Exercise aim ▸ This exercise calls for duplicating every entry below exactly, without the images.

-------------------------

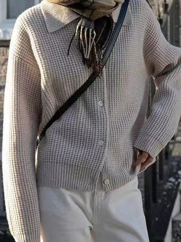 Solid Waffle Lapel Neck Cardigan
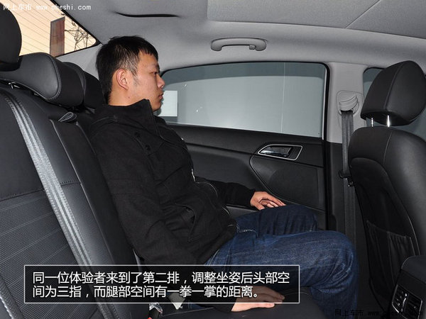名图内饰座椅采用真皮包裹,座椅材质看上去十分细腻,并且乘坐上去也很柔软。而408车内座椅采用织布材质,虽然没有皮质看着上档次,但是黑色条纹面料却显得运动感十足。为了测试两款车乘坐空间我们请来两名身高均为175cm的体验者来到来个款车内,名图体验者前排头部空间为四指,而408体验者前排头部空间为一拳的距离。
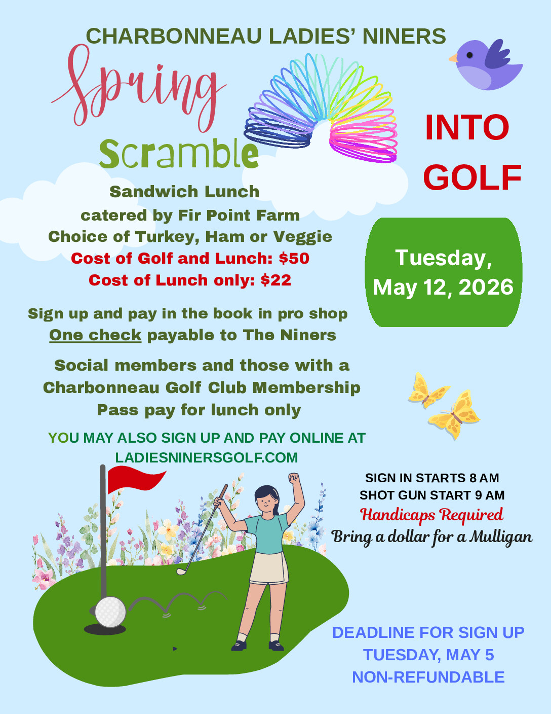Sign Up open online and in book in Pro Shop for Niners' May 12 Scramble. Box lunch supplied by Fir Point Farms.
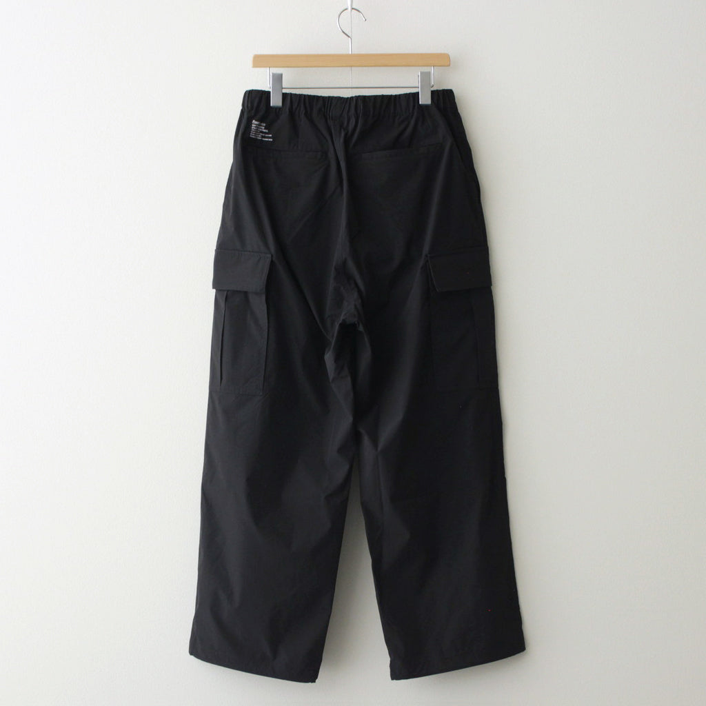 カーゴポケット付きのイージーパンツ。 生地の適度なハリコシによって適度に空気を含んだボリュームのあるシルエットが特徴です。ウエストだけでなく裾にもドローコードを設けてありシルエットを調整可能な仕様に。
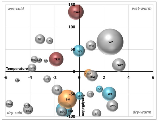 The character and frequency of large-scale weather types are important for analysing long-term climate fluctuations in the study region, on top of global processes such as increasing climate-relevant tropospheric greenhouse gas emissions and concentrations. In addition to shorter periods such as weeks or seasons, also longer-term climatic changes of averages, variability and extremes are quite well explained by frequency fluctuations of certain weather types, if their regional peculiarities are known. Hence, detailed maps of temperature and precipitation anomalies of all 29 weather types (Section 2.4) have been created. They help to describe the influence of atmospheric circulation within the study area, and how it affected recent climatic changes (such as the precipitation decline in growing season 1 and increase in growing season 2) illustrated in the previous section.
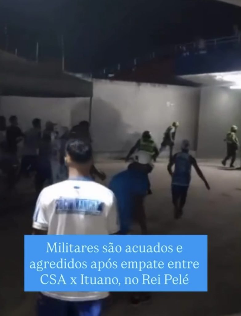 Um vídeo que circula nas redes sociais mostra equipes da Polícia Militar sendo acuadas e agredidas por torcedores do CSA no Estádio Rei Pelé, em Maceió, na noite deste sábado (16). O episódio ocorreu logo após o empate por 2 a 2 contra o Ituano, pela Série C do Campeonato Brasileiro.
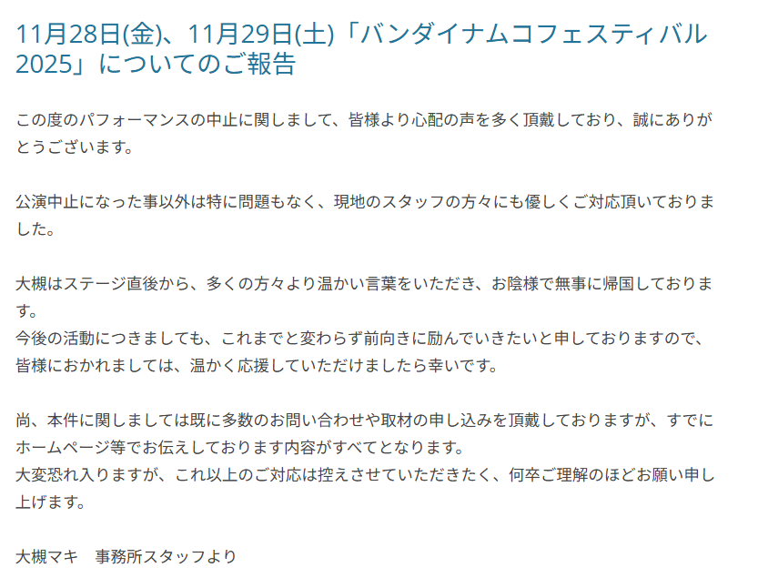 官方網站由經紀公司更新了一篇名為「關於 11 月 28、29 日『萬代南夢宮嘉年華2025』的說明」的文章。
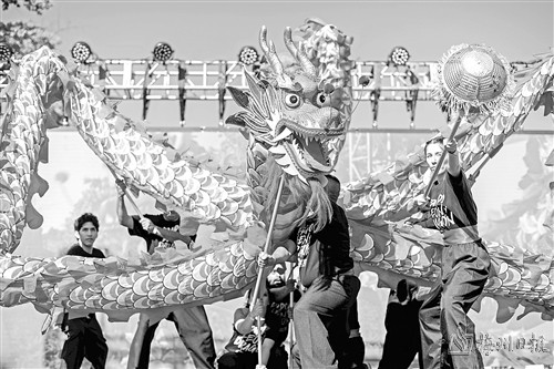 1月13日,演员在智利圣地亚哥举行的春节庆祝活动上表演舞龙。
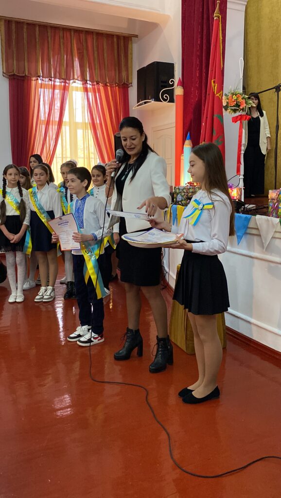 “Нарешті, цей день настав. Це свято з нетерпінням очікували всі, особливо п’ятикласники та шестикласники. Радію, що в нас з’явилась можливість запросити батьків наших учнів та провести свято. Наші п’ятикласники тільки встали на новий етап свого шкільного життя. На вас чекає дуже багато нових пригод, радощів та праці. Тільки вперед, вітаю вас у нашій великій гімназійній родині”, – звернулась до новоспечених гімназистів директорка Сніжана Скорич.
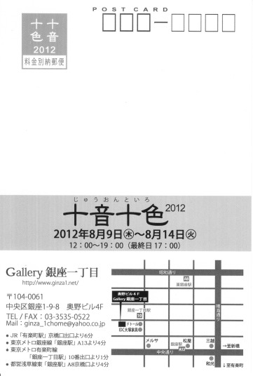 2012年8月9日(木)〜14日(火)12:00〜19:00まで(最終日17:00まで)
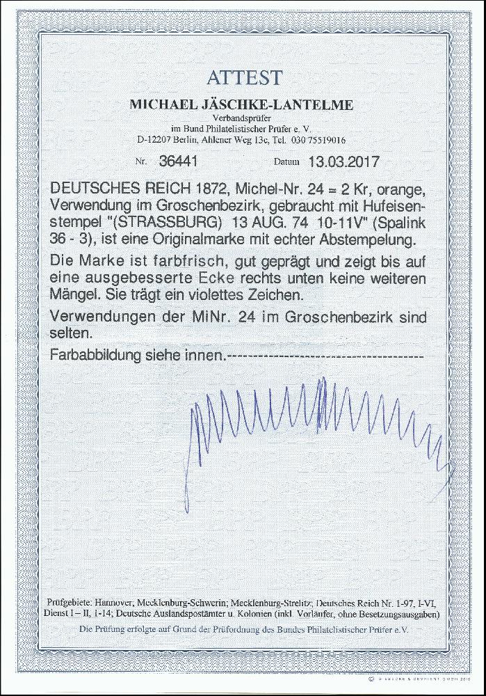 | Zusatzinformationen und Suchstichworte: | 376. Auktion Heinrich Köhler 19.-24. April 2021 Los 6243 2 Kreuzer orange mit Hufeisenstempel „(STRASSBURG) i. ELS. 13.AUG.74“ (Spalink 36-3), untere rechte Ecke repariert, sonst in einwandfreier Erhaltung, farbfrisches und optisch ansprechendes Exemplar mit sehr seltener Verwendung im Groschenbezirk, Hufeisenstempel auf dieser Marke sind extrem selten. Fotoattest Jäschke-L. BPP (2017) Zuschlag 480,00 EUR |

-------------------------

Solved problem ▸
 Solid Waffle Lapel Neck Cardigan
名图内饰座椅采用真皮包裹,座椅材质看上去十分细腻,并且乘坐上去也很柔软。而408车内座椅采用织布材质,虽然没有皮质看着上档次,但是黑色条纹面料却显得运动感十足。为了测试两款车乘坐空间我们请来两名身高均为175cm的体验者来到来个款车内,名图体验者前排头部空间为四指,而408体验者前排头部空间为一拳的距离。
Sign Up open online and in book in Pro Shop for Niners' May 12 Scramble. Box lunch supplied by Fir Point Farms.
 カーゴポケット付きのイージーパンツ。 生地の適度なハリコシによって適度に空気を含んだボリュームのあるシルエットが特徴です。ウエストだけでなく裾にもドローコードを設けてありシルエットを調整可能な仕様に。
 The character and frequency of large-scale weather types are important for analysing long-term climate fluctuations in the study region, on top of global processes such as increasing climate-relevant tropospheric greenhouse gas emissions and concentrations. In addition to shorter periods such as weeks or seasons, also longer-term climatic changes of averages, variability and extremes are quite well explained by frequency fluctuations of certain weather types, if their regional peculiarities are known. Hence, detailed maps of temperature and precipitation anomalies of all 29 weather types (Section 2.4) have been created. They help to describe the influence of atmospheric circulation within the study area, and how it affected recent climatic changes (such as the precipitation decline in growing season 1 and increase in growing season 2) illustrated in the previous section.
 Um vídeo que circula nas redes sociais mostra equipes da Polícia Militar sendo acuadas e agredidas por torcedores do CSA no Estádio Rei Pelé, em Maceió, na noite deste sábado (16). O episódio ocorreu logo após o empate por 2 a 2 contra o Ituano, pela Série C do Campeonato Brasileiro.
 官方網站由經紀公司更新了一篇名為「關於 11 月 28、29 日『萬代南夢宮嘉年華2025』的說明」的文章。
 1月13日,演员在智利圣地亚哥举行的春节庆祝活动上表演舞龙。
 “Нарешті, цей день настав. Це свято з нетерпінням очікували всі, особливо п’ятикласники та шестикласники. Радію, що в нас з’явилась можливість запросити батьків наших учнів та провести свято. Наші п’ятикласники тільки встали на новий етап свого шкільного життя. На вас чекає дуже багато нових пригод, радощів та праці. Тільки вперед, вітаю вас у нашій великій гімназійній родині”, – звернулась до новоспечених гімназистів директорка Сніжана Скорич.
 2012年8月9日(木)〜14日(火)12:00〜19:00まで(最終日17:00まで)
 | Zusatzinformationen und Suchstichworte: | 376. Auktion Heinrich Köhler 19.-24. April 2021 Los 6243 2 Kreuzer orange mit Hufeisenstempel „(STRASSBURG) i. ELS. 13.AUG.74“ (Spalink 36-3), untere rechte Ecke repariert, sonst in einwandfreier Erhaltung, farbfrisches und optisch ansprechendes Exemplar mit sehr seltener Verwendung im Groschenbezirk, Hufeisenstempel auf dieser Marke sind extrem selten. Fotoattest Jäschke-L. BPP (2017) Zuschlag 480,00 EUR |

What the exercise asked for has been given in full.